Constitutional Thinking and Universal Order: Chosŏn and China in Comparative Perspective
Sixiang Wang, UCLA
Wed, 4/16 · 4:30 pm—6:00 pm · 202 Jones Hall
Program in East Asian Studies

Chosŏn Korea and Late Imperial China entered into a long period of fairly stable diplomatic exchanges. Though occasionally punctuated by dramatic geopolitical realignments, the relationship was structured through rituals, principles, and institutionalized commitments that regularly gestured to a political order that went beyond the bilateral relationship. This talk posits that these evocations of a constitutional order point to a domain of unspoken consensus regarding the terms of early modern Sino-Korean relations. This sense of constitutionality, often instantiated through ritual performances rather than articulated through formal, legalistic language, becomes more apparent when Chosŏn and Late Imperial Chinese practices are placed in dialogue with other early modern interstate orders (such as the Holy Roman Empire). The legacy of this constitutional thinking also extends well into the contemporary period, informing both official and popular understandings of the relationship in China and Korea today.
Sixiang Wang is Associate Professor of Asian Languages and Cultures at UCLA. He is a historian of Chosŏn Korea and early modern East Asia.
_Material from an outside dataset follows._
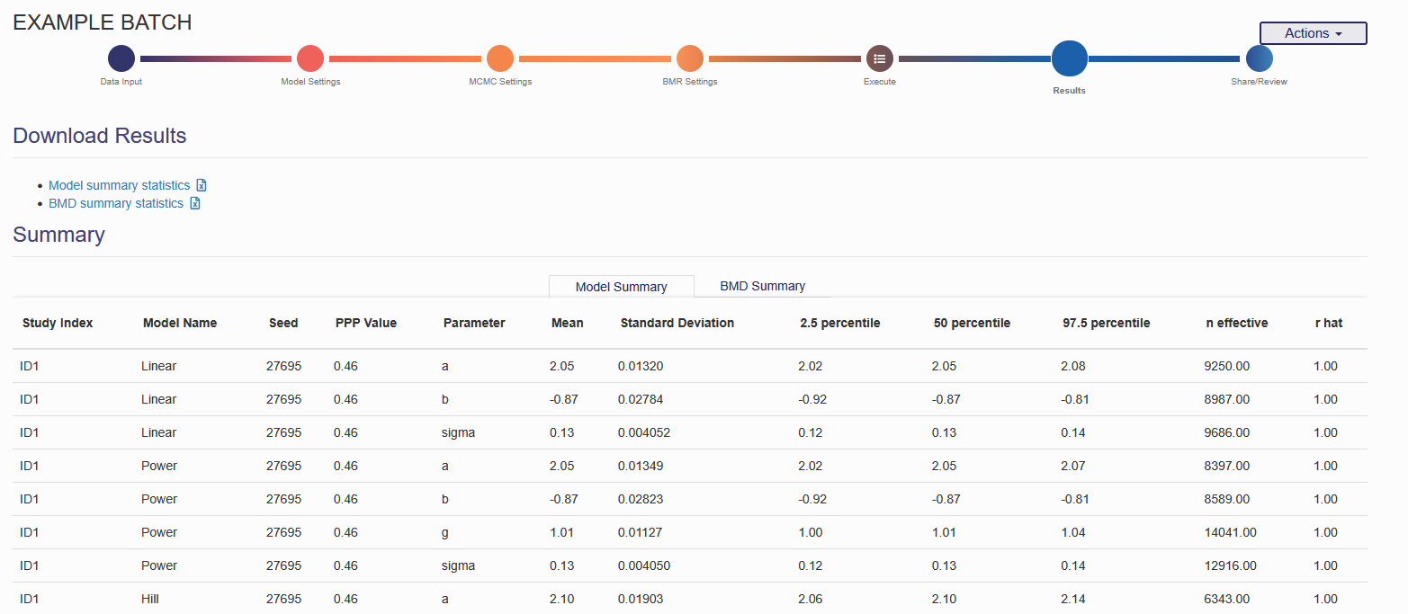 This tab, shown in Figure 3.4, displays the model summaries and BMD summaries for the batch analysis. You can either download the Excel spreadsheet versions of the results or view them in the tables on this page.

His book, Boundless Winds of Empire: Rhetoric and Ritual in Early Chosŏn Diplomacy with Ming China (winner of the 2024 UC Berkeley Hong Yung Lee Book Award in Korean Studies & 2025 Association of Asian Studies James B. Palais Book Prize), reconstructs the cultural strategies of Korean diplomacy with Ming empire in the fifteenth and sixteenth centuries. It underscores how Korean ritual and literary practices inserted Chosŏn into the Ming empire’s legitimating strategies and established Korea as a stakeholder in a shared imperial tradition. He teaches courses on Korea’s pre-nineteenth-century history and the history of cultural and intellectual interactions in early modern East Asia. Sixiang Wang received his PhD in East Asian Languages and Cultures from Columbia University.